§ **Description of the task**: Each line below must be reproduced exactly, though the pictures are to be dropped.

Segment Start: Records

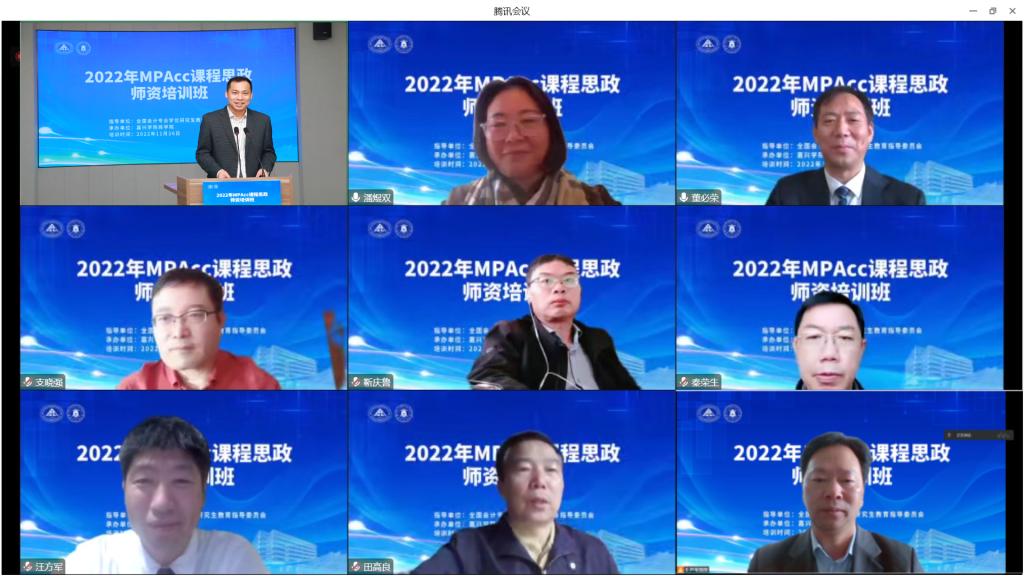 11月26日,在全国上下深入学习贯彻党的二十大精神之际,由全国会计专业学位研究生教育指导委员会指导,嘉兴学院437ccm必赢国际官方网站承办的首届MPAcc课程思政师资培训班线上开班,会议由嘉兴学院437ccm必赢国际官方网站潘煜双教授主持,来自全国77所高校1000余名MPAcc教师在线参加了本次培训班。
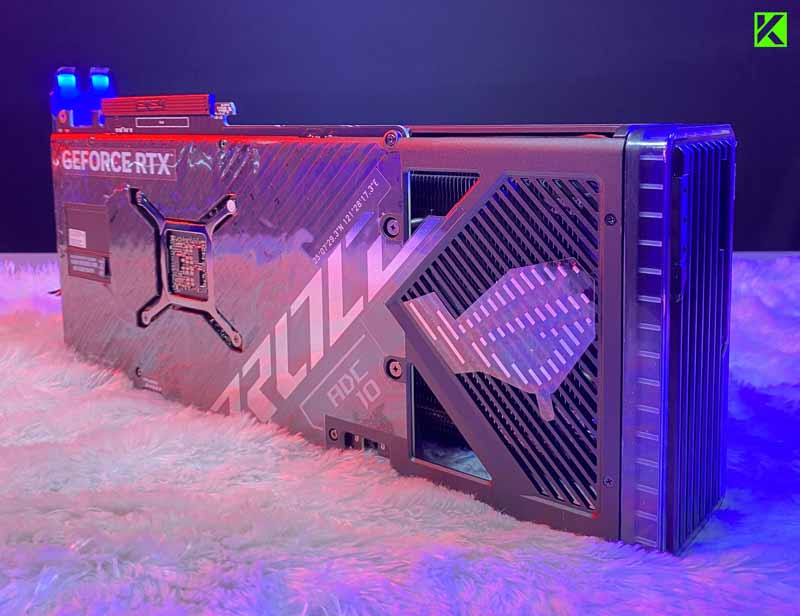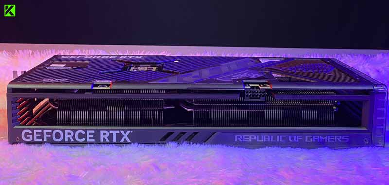Power connector pada kartu grafis ini menggunakan model 1x16-pin, tentu saja ASUS sudah menyediakan satu buah kabel adapter 1-to-3 di dalam paket penjualannya. Tidak hanya itu, ASUS juga sudah memberikan holder kartu grafis untuk penggunanya sehingga bisa memasang dalam posisi vertikal di dalam casing.
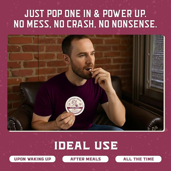 Caffeine Break Black Cherry Pouches are ideal for waking up, after meals, or anytime you need an energy boost. These zero-nicotine oral caffeine pouches provide a clean, healthy alternative to coffee.
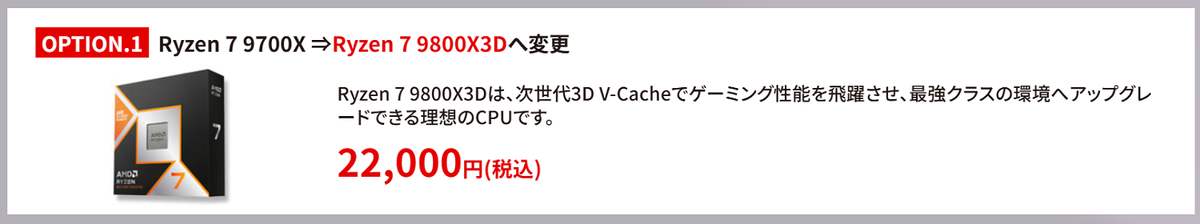 オプションではCPU、メモリー、ストレージ、ビデオカードをカスタマイズ可能。ちなみに、CPUは+2万2000円でRyzen 7 9800X3Dにアップグレードできます。同CPUはゲーミングにおいては最強格。ワンランク上のゲーミング環境を目指すならぜひ採用したいCPUですね。
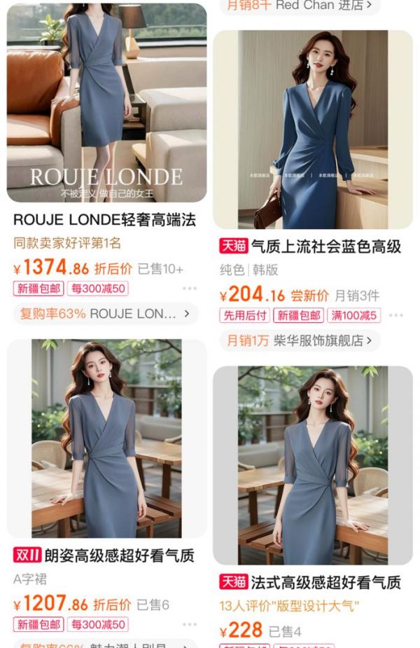 “模特长得一样、姿势一样,连衣服的褶皱都一样。”北京市民娄女士看着某女装商品页面说道。该店铺6套连衣裙的模特图片均十分相似,图中模特躺在沙发上,6套衣服的模特图人物动作和背景完全一致,甚至光影位置都一模一样,变化的只有身上的衣服。
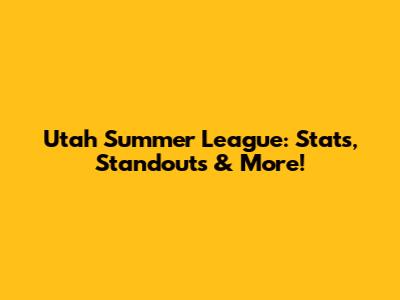 Utah Summer League: Stats, Standouts & More!
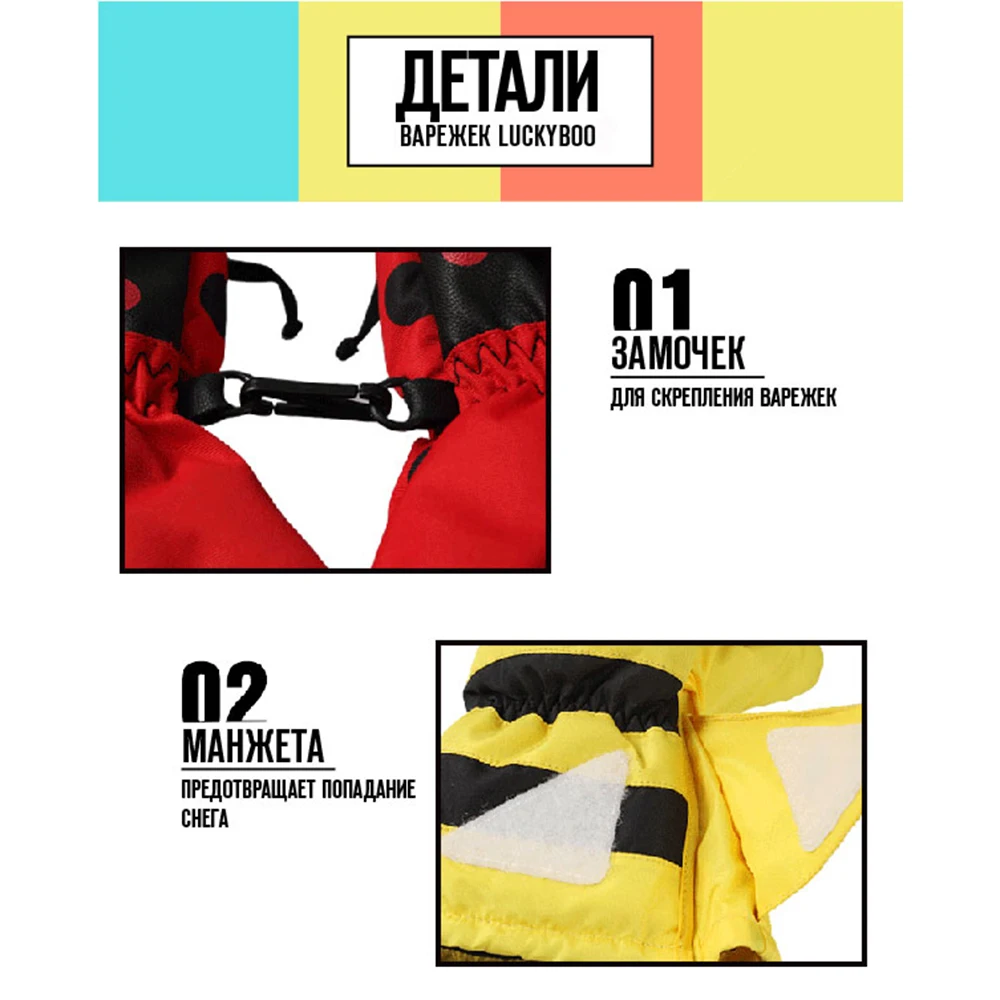 Бренд LUCKYBOO Тип Варежки для сноуборда и горных лыж Состав Нейлон 50%, полиуретан 50% Пол Унисекс Особенности модели Влагонепроницаемость Материал подкладки Флис Вид застежки Без застежки Размер S (4-6 лет), XS (2-4 года) Страна бренда Россия
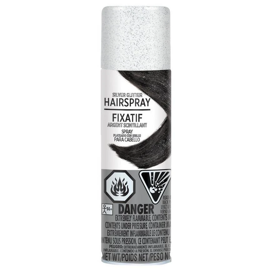 Glam up the party ‘do with Silver Glitter Hair Spray! This Silver Glitter Hair Spray gives your hair a sprinkling of silver glitter along with hair spray hold. Apply to your styled ‘do for an extra touch of glitz and glam on your night out. Easily wash out this non-damaging aerosol hair spray with shampoo and water.
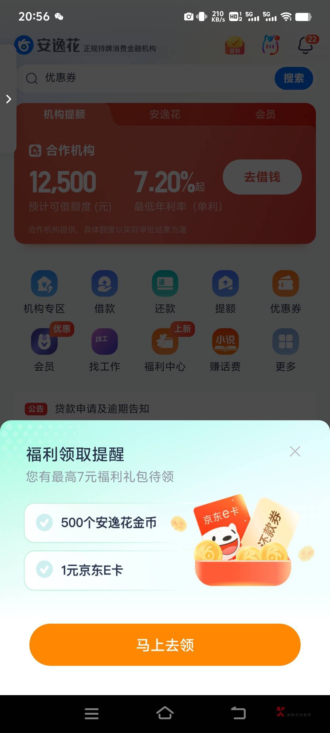 这个没用,要你安逸花借款的时候弹出来的才有用
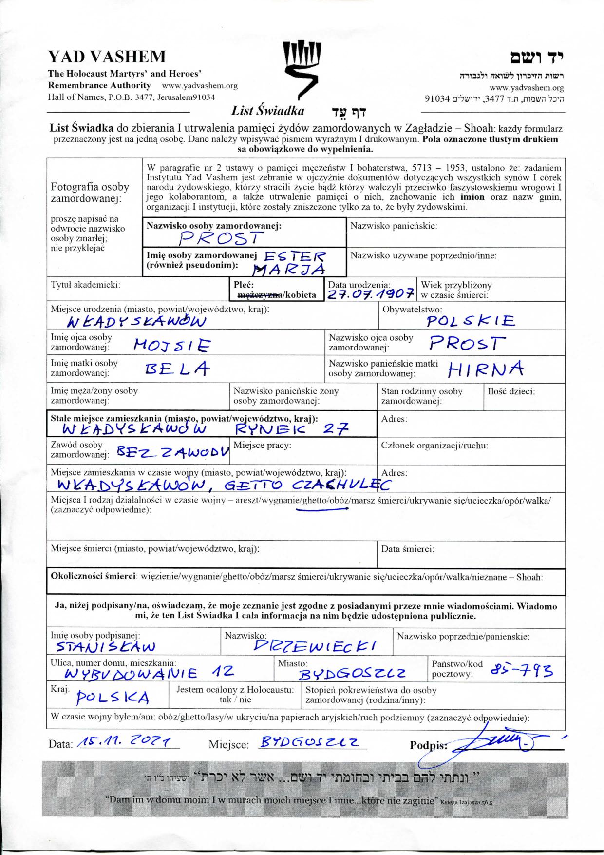 Prost Ester Marja 1907 Wladyslawow, Poland Questionnaire
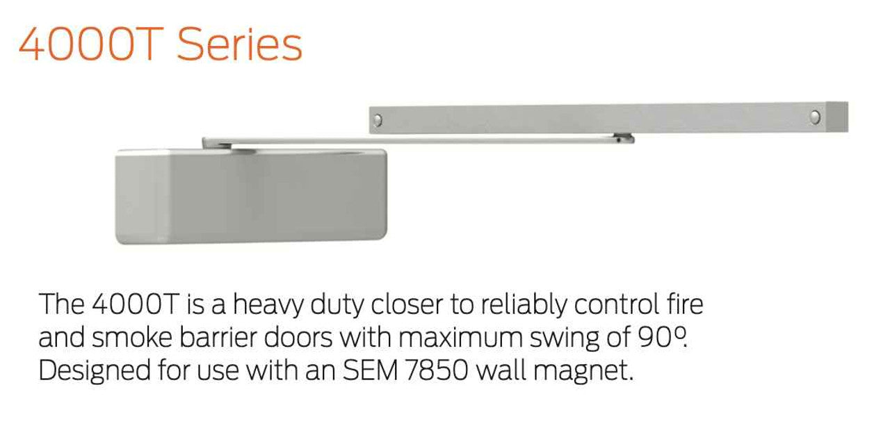 The 4000T is a Heavy Duty Closer to reliably control fire and smoke barrier doors with maximum swing of 90. Designed for use with an SEM 7850 wall magnet.
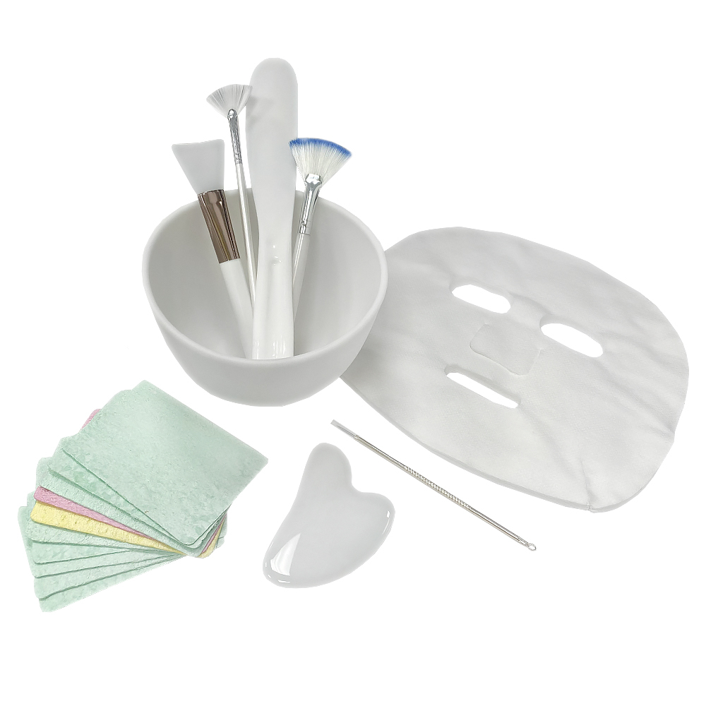 Набор косметолога (миска, кисть веерная, кисть, шпатели, скребок гуаша, спонжи)
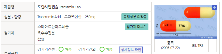 도란사민은 트라넥삼산(tranexamic acid)의 성분을 가진 약입니다.
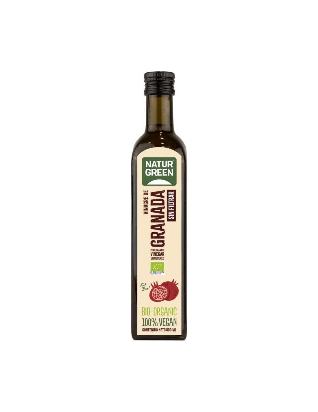 NATURGREENVinagre de granada ecológica sin filtrar. 100% vegetal.
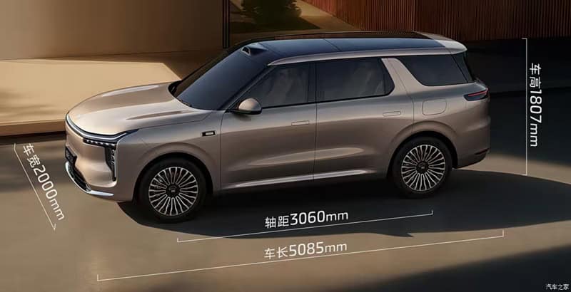 SAIC เปิดตัวผลิตภัณฑ์รุ่นที่ 6 ภายใต้แบรนด์ IM Motors ในชื่อ LS8 โดยสร้างขึ้นบนงานวิศวกรรมแรงดันไฟฟ้า 800 โวลต์ จัดอยู่ในพิกัด Mid-to-Large SUV วางตำแหน่งรองจาก LS9 ขับเคลื่อนด้วยขุมพลัง EREV ส่วนสีตัวถังมีให้เลือก 5 สี ประกอบด้วย สีเทา Pamir Grey, สีดำ Olympus Black, สีเงิน Chogori Silver, สีขาว Alps White และ สีเขียว Bled Green ในส่วนของมิติตัวถัง มีรายละเอียดดังนี้
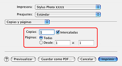 ![]() | Seleccione Stylus Photo RX600 como el ajuste de Impresora y defina los ajustes de Copias y páginas. |
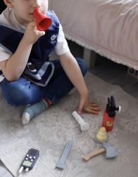Set obsahuje všetky potrebné nástroje, ako je hasiaci prístroj, sekera, megafón a ďalšie, ktoré prinášajú mnoho hodín zábavy a učenia.
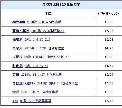 汽車之家的年度大戲又開鑼了!經(jīng)過兩個多月的精心策劃和準(zhǔn)備,我們組織了這次大型的緊湊型車全面對比!我們的目標(biāo)是將市場上主流的緊湊型車一網(wǎng)打盡,來一次從里到外、從靜到動的全面PK。這次一共邀請到了以下十款車型,他們款型相對都比較新,消費者在選車的時候經(jīng)常徘徊其中。從今天開始,我們將分別從外觀與做工、內(nèi)飾與空調(diào)、儲物空間、乘坐空間等四個靜態(tài)方面和動力與操控性能、燃油經(jīng)濟(jì)性等兩個動態(tài)方面以及保養(yǎng)售價等對這十款車進(jìn)行全面的對比。
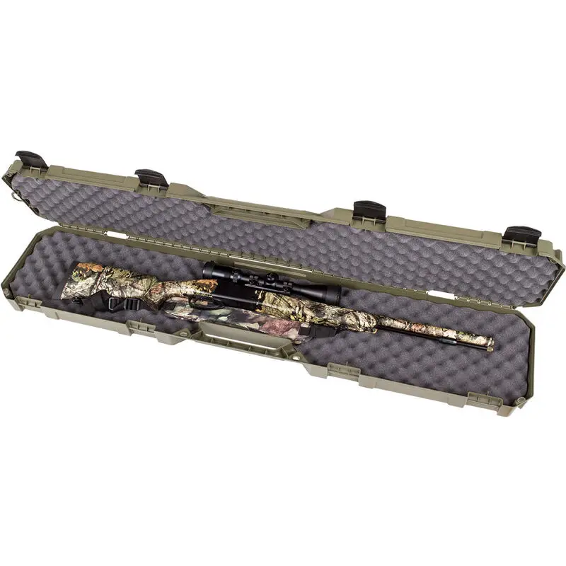 Flambeau's Shot Safe Field Gun Case is constructed of a rugged polymer with convoluted foam set with deep cushioning and piano-style hinges for storage safety when locked. It utilizes four (4) tie-down straps, lock hasps, and latches. This model has a tan finish and is compatible with one (1) scoped rifle or shotgun. It has interior dimensions of 49.75" L x 9.8" W x 3" D.
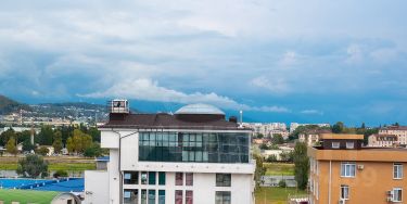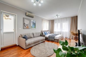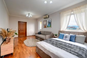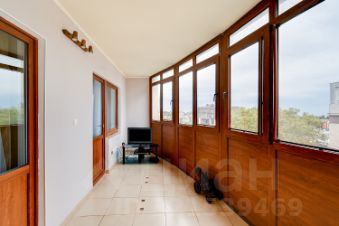В квартире два балкона: один небольшой с видом на море и город, второй жилой оборудованный диваном и телевизором.
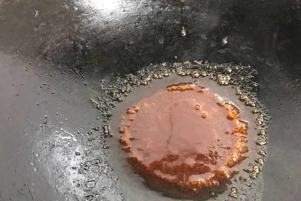 7、蒸肉蛋撻的時候來做一碗料汁,鍋中加入2勺生抽、3勺白糖、4勺醋還有兩勺的番茄醬,加入適量的水淀粉攪拌均勻做成糖醋汁備用。
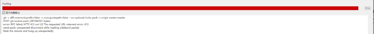 error: RPC failed; HTTP 413 curl 22 The requested URL returned error: 413 send-pack: unexpected disconnect while reading sideband packet fatal: the remote end hung up unexpectedly
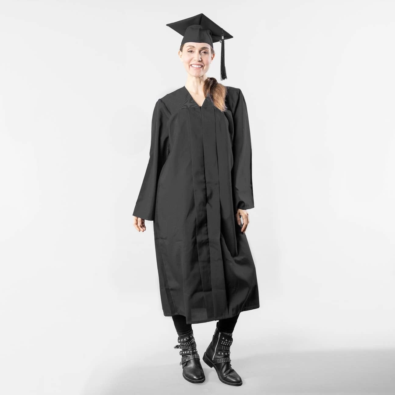 Wer seinen Abschluss angemessen mit Doktorhut feiert, trägt den passenden unifarbenen Talar, um die Auszeichnung würdevoll entgegenzunehmen.
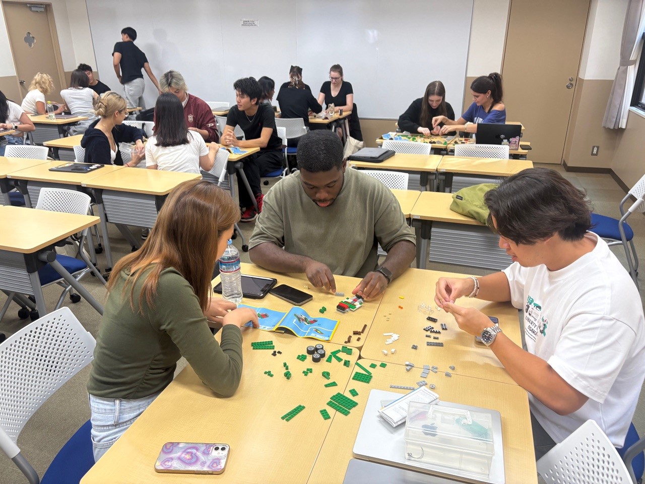 具体的な取り組みの一つは、学生が自動車会社の経営者になりきり、レゴ・ブロックを用いて車を製造・販売するシミュレーション・ゲームの導入です。コストや需要を考慮しながら、自身がどのような意思決定を行い、その判断がどのような結果につながったのかを体験してもらいます。様々な状況を総合的に捉え、自分なりの考えを形にするプロセスを通して、実践的な判断力を養うことが目的です。またこのゲームはチームでプレーするので、相手と意見が食い違う中で折り合いをつけて進めなければなりません。授業によっては、留学生と日本人学生を交えてゲームを実施する機会を設けることもあり、文化的な違いの中で、自身の考えを英語を使って言葉にして伝える力を育てています。

Segment End: Records

§ **Response**:
 11月26日,在全国上下深入学习贯彻党的二十大精神之际,由全国会计专业学位研究生教育指导委员会指导,嘉兴学院437ccm必赢国际官方网站承办的首届MPAcc课程思政师资培训班线上开班,会议由嘉兴学院437ccm必赢国际官方网站潘煜双教授主持,来自全国77所高校1000余名MPAcc教师在线参加了本次培训班。
Power connector pada kartu grafis ini menggunakan model 1x16-pin, tentu saja ASUS sudah menyediakan satu buah kabel adapter 1-to-3 di dalam paket penjualannya. Tidak hanya itu, ASUS juga sudah memberikan holder kartu grafis untuk penggunanya sehingga bisa memasang dalam posisi vertikal di dalam casing.
 Caffeine Break Black Cherry Pouches are ideal for waking up, after meals, or anytime you need an energy boost. These zero-nicotine oral caffeine pouches provide a clean, healthy alternative to coffee.
 オプションではCPU、メモリー、ストレージ、ビデオカードをカスタマイズ可能。ちなみに、CPUは+2万2000円でRyzen 7 9800X3Dにアップグレードできます。同CPUはゲーミングにおいては最強格。ワンランク上のゲーミング環境を目指すならぜひ採用したいCPUですね。
 “模特长得一样、姿势一样,连衣服的褶皱都一样。”北京市民娄女士看着某女装商品页面说道。该店铺6套连衣裙的模特图片均十分相似,图中模特躺在沙发上,6套衣服的模特图人物动作和背景完全一致,甚至光影位置都一模一样,变化的只有身上的衣服。
 Utah Summer League: Stats, Standouts & More!
 Бренд LUCKYBOO Тип Варежки для сноуборда и горных лыж Состав Нейлон 50%, полиуретан 50% Пол Унисекс Особенности модели Влагонепроницаемость Материал подкладки Флис Вид застежки Без застежки Размер S (4-6 лет), XS (2-4 года) Страна бренда Россия
 Glam up the party ‘do with Silver Glitter Hair Spray! This Silver Glitter Hair Spray gives your hair a sprinkling of silver glitter along with hair spray hold. Apply to your styled ‘do for an extra touch of glitz and glam on your night out. Easily wash out this non-damaging aerosol hair spray with shampoo and water.
 这个没用,要你安逸花借款的时候弹出来的才有用
 Prost Ester Marja 1907 Wladyslawow, Poland Questionnaire
 The 4000T is a Heavy Duty Closer to reliably control fire and smoke barrier doors with maximum swing of 90. Designed for use with an SEM 7850 wall magnet.
 Набор косметолога (миска, кисть веерная, кисть, шпатели, скребок гуаша, спонжи)
 도란사민은 트라넥삼산(tranexamic acid)의 성분을 가진 약입니다.
 NATURGREENVinagre de granada ecológica sin filtrar. 100% vegetal.
 SAIC เปิดตัวผลิตภัณฑ์รุ่นที่ 6 ภายใต้แบรนด์ IM Motors ในชื่อ LS8 โดยสร้างขึ้นบนงานวิศวกรรมแรงดันไฟฟ้า 800 โวลต์ จัดอยู่ในพิกัด Mid-to-Large SUV วางตำแหน่งรองจาก LS9 ขับเคลื่อนด้วยขุมพลัง EREV ส่วนสีตัวถังมีให้เลือก 5 สี ประกอบด้วย สีเทา Pamir Grey, สีดำ Olympus Black, สีเงิน Chogori Silver, สีขาว Alps White และ สีเขียว Bled Green ในส่วนของมิติตัวถัง มีรายละเอียดดังนี้
 ![]() | Seleccione Stylus Photo RX600 como el ajuste de Impresora y defina los ajustes de Copias y páginas. |
Set obsahuje všetky potrebné nástroje, ako je hasiaci prístroj, sekera, megafón a ďalšie, ktoré prinášajú mnoho hodín zábavy a učenia.
 汽車之家的年度大戲又開鑼了!經(jīng)過兩個多月的精心策劃和準(zhǔn)備,我們組織了這次大型的緊湊型車全面對比!我們的目標(biāo)是將市場上主流的緊湊型車一網(wǎng)打盡,來一次從里到外、從靜到動的全面PK。這次一共邀請到了以下十款車型,他們款型相對都比較新,消費者在選車的時候經(jīng)常徘徊其中。從今天開始,我們將分別從外觀與做工、內(nèi)飾與空調(diào)、儲物空間、乘坐空間等四個靜態(tài)方面和動力與操控性能、燃油經(jīng)濟(jì)性等兩個動態(tài)方面以及保養(yǎng)售價等對這十款車進(jìn)行全面的對比。
 Flambeau's Shot Safe Field Gun Case is constructed of a rugged polymer with convoluted foam set with deep cushioning and piano-style hinges for storage safety when locked. It utilizes four (4) tie-down straps, lock hasps, and latches. This model has a tan finish and is compatible with one (1) scoped rifle or shotgun. It has interior dimensions of 49.75" L x 9.8" W x 3" D.
В квартире два балкона: один небольшой с видом на море и город, второй жилой оборудованный диваном и телевизором.
 7、蒸肉蛋撻的時候來做一碗料汁,鍋中加入2勺生抽、3勺白糖、4勺醋還有兩勺的番茄醬,加入適量的水淀粉攪拌均勻做成糖醋汁備用。
 error: RPC failed; HTTP 413 curl 22 The requested URL returned error: 413 send-pack: unexpected disconnect while reading sideband packet fatal: the remote end hung up unexpectedly
 Wer seinen Abschluss angemessen mit Doktorhut feiert, trägt den passenden unifarbenen Talar, um die Auszeichnung würdevoll entgegenzunehmen.
 具体的な取り組みの一つは、学生が自動車会社の経営者になりきり、レゴ・ブロックを用いて車を製造・販売するシミュレーション・ゲームの導入です。コストや需要を考慮しながら、自身がどのような意思決定を行い、その判断がどのような結果につながったのかを体験してもらいます。様々な状況を総合的に捉え、自分なりの考えを形にするプロセスを通して、実践的な判断力を養うことが目的です。またこのゲームはチームでプレーするので、相手と意見が食い違う中で折り合いをつけて進めなければなりません。授業によっては、留学生と日本人学生を交えてゲームを実施する機会を設けることもあり、文化的な違いの中で、自身の考えを英語を使って言葉にして伝える力を育てています。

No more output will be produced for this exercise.